Adding DKIM data to a domain with no existing DKIM configuration
/opt/zimbra/libexec/zmdkimkeyutil -a -d example.com
After the data is generated, the public DNS record data that must be added for the domain to your DNS server will be displayed:
firstname.lastname@example.org:~$ /opt/zimbra/libexec/zmdkimkeyutil -a -d example.com DKIM Data added to LDAP for domain example.com with selector 0E9F184A-9577-11E1-AD0E-2A2FBBAC6BCB Public key to enter into DNS: 0E9F184A-9577-11E1-AD0E-2A2FBBAC6BCB._domainkey IN TXT "v=DKIM1;=rsa; p=MIGfMA0GCSqGSIb3DQEBAQUAA4GNADCBiQKBgQDY5CBg15nZ2vYnRmrNub6Jn6ghQ2DXQbQgOJ/E5IGziUYEuE2OnxkBm1h3jived21uHjpNy0naOZjLj0xLyyjclVy1chrhSbsGAhe8HLXUsdXyfRvNTq8NWLsUnMEsoomtJCJ /6LYWYU1whOQ9oKZVAwWHSovAWZpByqNMZmFg7QIDAQAB" ; ----- DKIM 0E9F184A-9577-11E1-AD0E-2A2FBBAC6BCB for example.com
Updating DKIM data for a domain
/opt/zimbra/libexec/zmdkimkeyutil -u -d example.com
When the DKIM keys are updated, the DNS server will need to be reloaded with the new TXT record. It is advised to leave the previous TXT record in DNS for a period of time to allow verification of emails that were signed with the previous key to continue to succeed.

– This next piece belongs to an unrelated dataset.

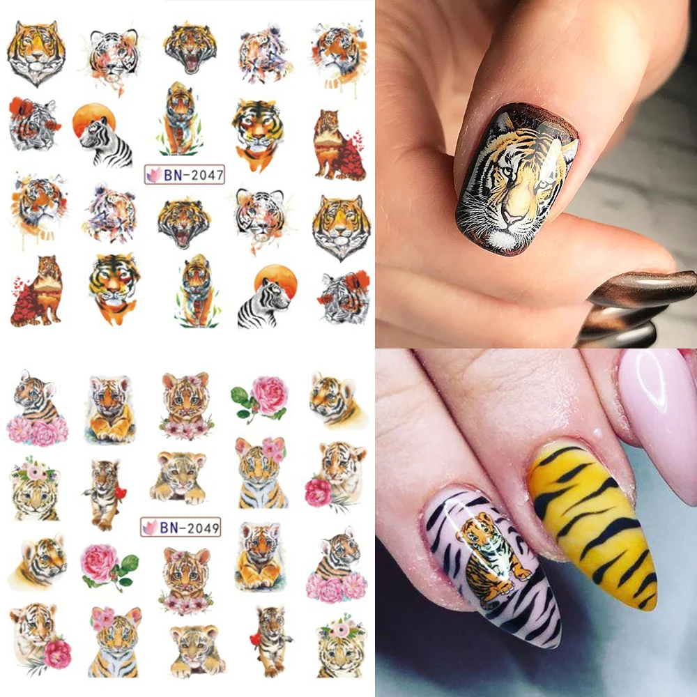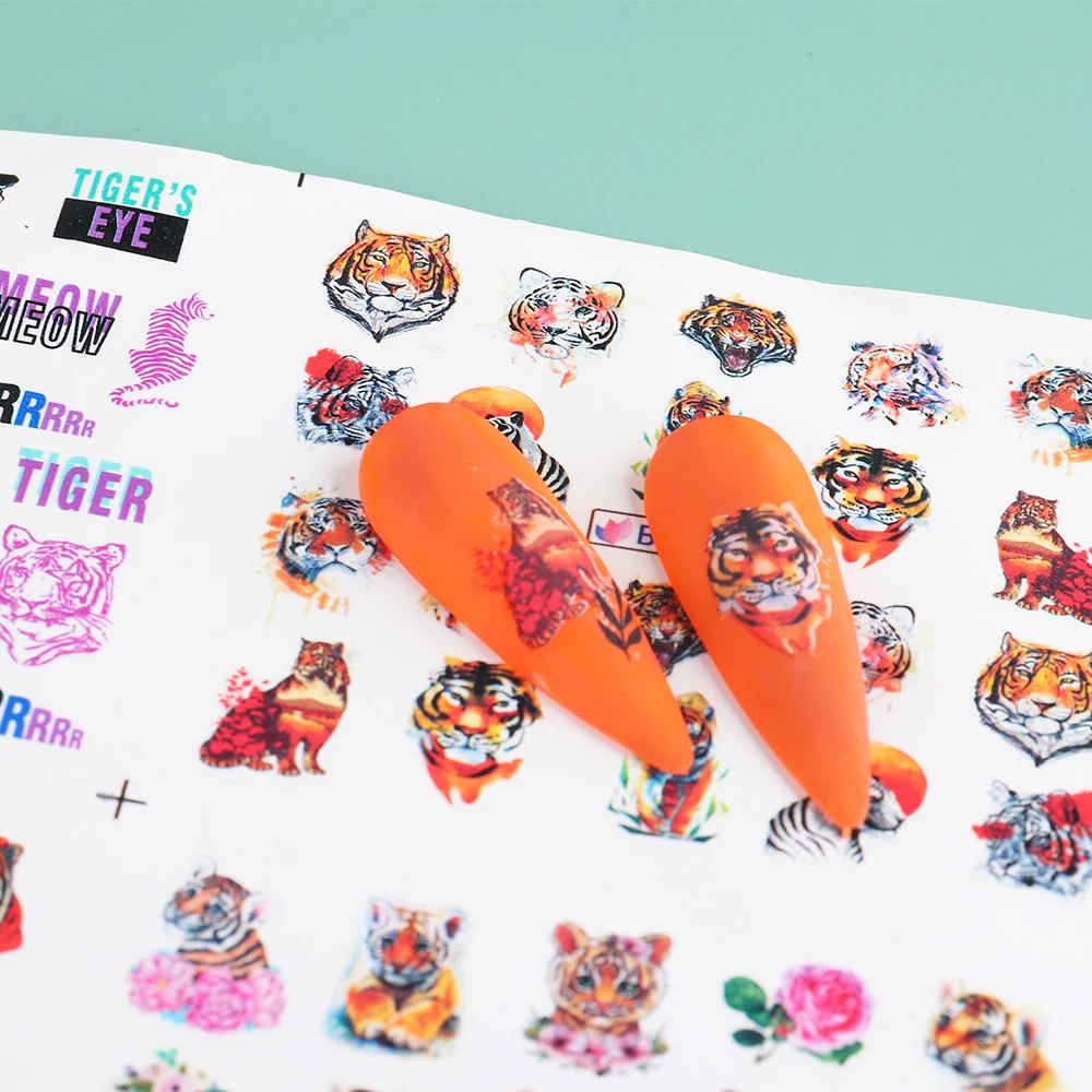 12 шт., 3D-наклейки для ногтей в виде тигра
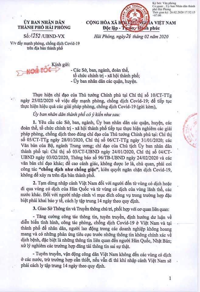 UBND thành phố Hải Phòng vừa ra văn bản số 1252/UBND-VX gửi các sở, ban, ngành, đoàn thể, tổ chức chính trị – xã hội; UBND các quận, huyện về đẩy mạnh phòng, chống dịch Covid-19 trên địa bàn thành phố.

Removing DKIM data for a domain
/opt/zimbra/libexec/zmdkimkeyutil -r -d example.com
This command deletes the DKIM data from LDAP. New emails will no longer be signed for the domain. The DNS TXT record should remain for a period of time to allow verification of emails signed with this key.
Retrieving the stored DKIM data for a domain
/opt/zimbra/libexec/zmdkimkeyutil -q -d example.com
This command will output all the stored DKIM information, specifically
DKIM Domain DKIM Selector DKIM Private Key DKIM Public Signature DKIM Identity
- The public key DNS record should appear as a TXT resource record at:
SELECTOR._domainkey.DOMAIN The Selector is the first portion of the output from zmdkimkeyutil In the above example, it is 0E9F184A-9577-11E1-AD0E-2A2FBBAC6BCB
- Once you have added the record to your nameserver, reload DNS.
- Verify that the DNS server is returning the DNS record.
dig -t txt SELECTOR._domainkey.DOMAIN NAMESERVER Example: dig -t txt 0E9F184A-9577-11E1-AD0E-2A2FBBAC6BCB._domainkey.example.com ns.example.com
- If the key is retrieved correctly, then use opendkim-testkey script, you can find it for 8.6 and below here /opt/zimbra/opendkim/sbin/opendkim-testkey and starting ZCS 8.7 and above here /opt/zimbra/common/sbin/opendkim-testkey to verify that the public key matches the private key.
/opt/zimbra/common/sbin/opendkim-testkey -d example.com -s 0E9F184A-9577-11E1-AD0E-2A2FBBAC6BCB -x /opt/zimbra/conf/opendkim.conf
If you get this error:
opendkim-testkey: /opt/zimbra/conf/opendkim.conf: configuration error at line 0
You have /opt/zimbra/conf/opendkim.conf missing.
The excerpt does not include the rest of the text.